Italian painter (born 1947)

Luciano de Liberato (born 6 September 1947) is an Italian painter.

== Career ==
Liberato was born on 6 September 1947. began working in art in 1975, immediately attracting a lot of interest among the most important Italian art critics and historians (Filiberto Menna, Maurizio Fagiolo dell'Arco, Enrico Crispolti, Marcello Venturoli, Lorenza Trucchi, Gabriele Simongini). He was considered a young master and one of the great Italian colourist painting.

Protagonist in the 1980s in European painting, De Liberato has had more than fifty solo exhibitions, including two in the prestigious "Art Basel", in 1983 and 1984. Since 1990, he has worked in his studio in the Italian province. All his work is created through research cycles.

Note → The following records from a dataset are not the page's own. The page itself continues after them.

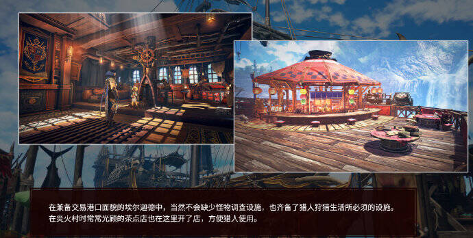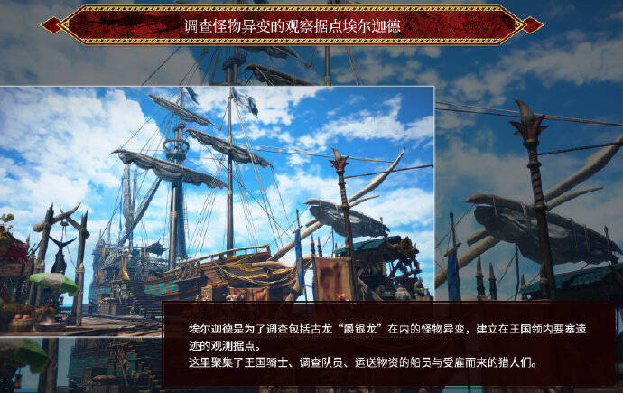 - 新据点:埃尔迦德是为了调查包括古龙“爵银龙”在内的怪物异变,建立在王国领内要塞遗迹的观测据点。这里聚集了王国骑士、调查队员、运送物资的船员与受雇而来的猎人们。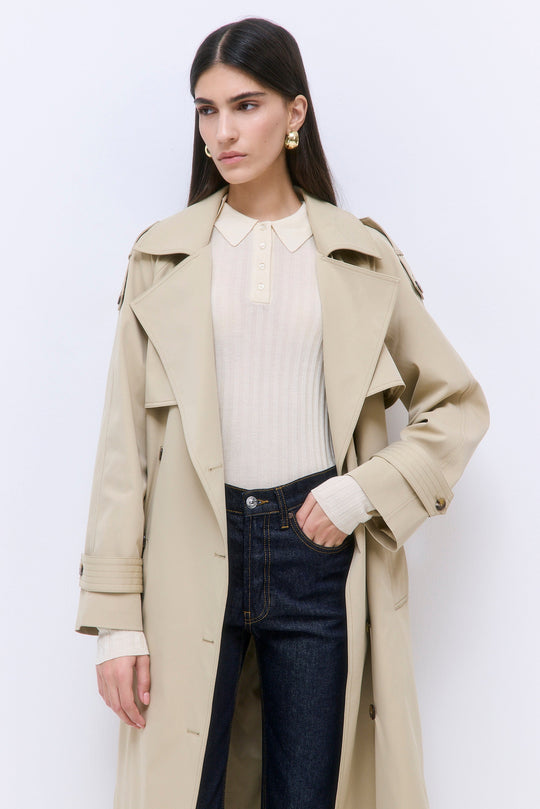 A fresh take on your go-to denim. High waisted, wide leg pants. Full length. Featuring a washed color effect. Double belt loops. Embroidered logo on back pocket. Detailed with a leather patch on back side. Two side pockets. Back pockets. Zipper closure. Completed with a brass logo button. Pair it with our classic Lounge T Shirt and timeless Oval Sunglasses for a transitional, sleek look.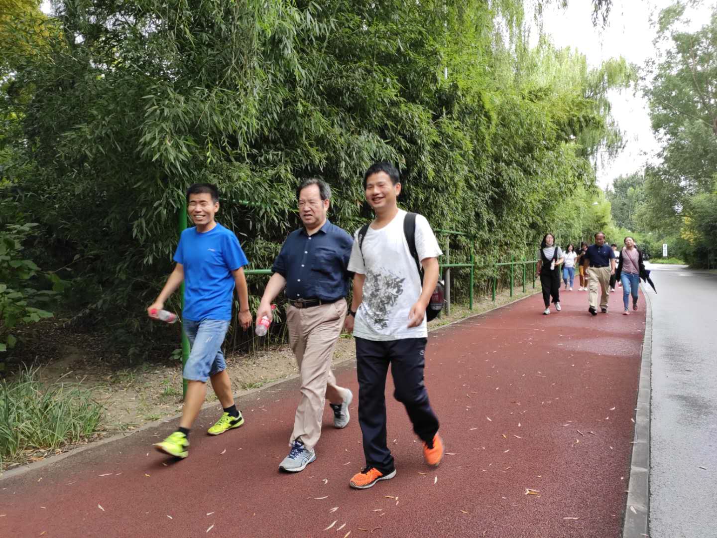 下午14:00,师生们在研究所大门集合,乘大巴来到了奥林匹克森林公园,在公园门前合影留念。一别前几日的艳阳天,秋风送爽,师生们迎着丝丝凉风、微微细雨,热情高涨地开始了健步走。在森林公园美丽的秋景和宜人的空气中,大家既积极竞赛、又在赏景中增进了沟通与交流,一路谈笑风生,在愉快又充满活力的氛围中完成了全程5公里的健步活动。最后,曾雄生老师团队率先抵达终点,韩毅老师团队紧随其后,张志会老师团队和高璐老师团队并列第三。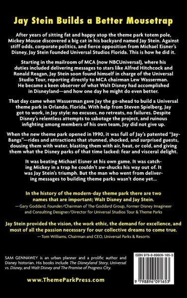 Jay Stein Builds a Better Mousetrap After years of sitting fat and happy atop the theme park totem pole, Mickey Mouse discovered a big cat in his backyard named Jay Stein. Against stiff odds, corporate politics, and fierce opposition from Michael Eisner's Disney, Jay Stein founded Universal Studios Florida. This is how he did it. Starting in the mailroom of MCA (now NBCUniversal), where his duties included delivering messages to stars like Alfred Hitchcock and Ronald Reagan, Jay Stein soon found himself in charge of the Universal Studio Tour, reporting directly to MCA chairman Lew Wasserman. He became a keen observer of what Walt Disney had accomplished in Disneyland-and how one day he might do even better. That day came when Wasserman gave Jay the go-ahead to build a Universal theme park in Orlando, Florida. With help from Steven Spielberg, Jay got to work, in Jay style: no excuses, no retreats, no failures. Despite Disney's relentless attempts to sabotage the project, and ruinous infighting among members of his own team, Jay did not give up. When the new theme park opened in 1990, it was full of Jay's patented "JayBangs"-rides and attractions that stunned, shocked, and surprised guests, dousing them with water, blasting them with air, heat, or cold, and giving them what the Disney parks of that time lacked: fear and visceral delight. It was beating Michael Eisner at his own game. It was catching Mickey in a trap he couldn't aw-shucks his way out of. It was Jay Stein's triumph. But the man who went from delivering messages to building theme parks wasn't done yet...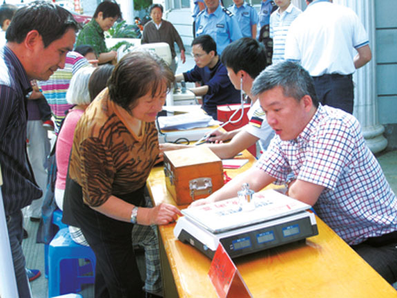5月20日是“世界计量日”,当天上午,黄岩质监分局在西街小区开展“计量进社区”惠民活动,工作人员正在教居民王阿婆识别电子秤作弊的方法。据了解,该局还将继续到医院、学校、市场等地,为百姓提供免费计量技术服务。
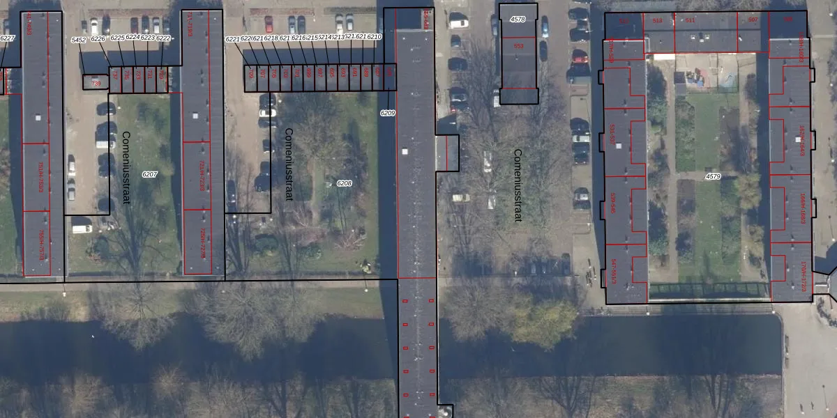Het perceel waarop Comeniusstraat 597 staat heeft een oppervlakte van 2547 m². Dit is een zeer groot perceel. De perceeloppervlakte wordt geregistreerd door het Kadaster. Gedetailleerde informatie over de maten van dit perceel kunt u vinden in het rapport Kadastrale kaart met maatvoering van Comeniusstraat 597.

In 2011, he was invited to the Italian Pavilion (Abruzzo) of the Venice Biennale. In 2012, one of his works, RED, was chosen as an image of the Lincoln Center Festival in New York City, which gave to his work global renown.

In 2011, he decided to end all links with Italian galleries and has worked exclusively for international outlets.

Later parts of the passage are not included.